So in response to some comments on my previous post, here are my thoughts on the National Day Rally speech:
- I did not expect much in the way of additional assistance to be announced, and I was proved right.
- PM rightly acknowledged the economic difficulties. I think fundamentally, the widening income gap is a challenge facing economies the world over, and it is a difficult problem that requires a long-term solution. Retraining, re-skilling and skilling-up workers is a big part of that solution. However, that cannot be all of the solution -- because some simply don't or can't work, others can't (for whatever reason) retrain or re-skill or skill-up, still others need help while they are retraining or re-skilling or skilling-up, and yet others have retrained or re-skilled or skilled-up but to little or no avail. So I believe more immediate, direct assistance is necessary. That has not really been forthcoming. Workfare is an important step in that direction -- but in its efforts to avoid gaming of the system and also because this is a new scheme that is being tried out, I fear that Workfare as currently implemented may fall short.

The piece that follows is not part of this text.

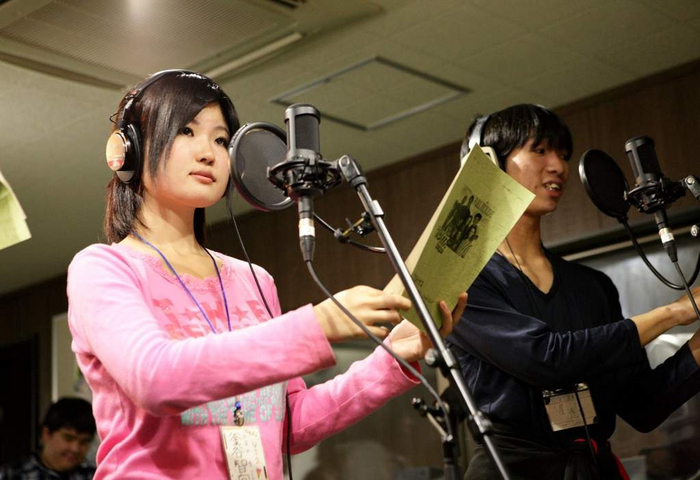 Работают сэйю, это те самые милые (и не очень) няшки и куны, которые повизгивают у микрофона. Еще один фетиш современной Японии, но о нем уж как-нибудь в другой раз. Интересней, во всяком случае для меня - выглядит работа так называемых "шумовиков". Это те, в чью ответственность входят все остальные звуки, кроме диалогов и сандтрека: шаги, звук снега, дождя, ветра, шум шин, выстрелы оружия... Многие сэмплы можно взять в открытом доступе, причем бесплатно, можно купить в надежде, что он будет оригинальным, но уважающие студии их... Записывают самостоятельно. Просто представьте один лишь инвентарь, нужный для подобного. Реально круто!

- Re Anonymous Craven's query on whether I agree that the government has not done enough of a PR job -- well, I don't think that there has been insufficient PR. Anybody who can recall the MSM coverage 6 months back will realise that the MSM -- in particular the Straits Times -- was going to town and back and then to town again, with what a huge hongbao budget this was. And I am not so sure that people do not see the link between their increased strains and the indirect assistance given. Ultimately, people must be feeling worse-off on a "net-net" basis, which is why they are complaining.
- I think it is untenable to say that the assistance received by people is more than the increased expenditure due to inflation. Firstly, the numbers provided are abstract, and represent at best the average (if not the maximum). There will be many, many households who receive less than the numbers thrown up. Furthermore, it is legitimate for people to expect their standard of living to improve over time -- so if on a "net-net" basis, after accounting for assistance, there is little or no improvement, they will of course feel strained and unhappy. This is especially so, when the Government had until recent months kept telling people that the economy was doing well -- all thanks to the Government.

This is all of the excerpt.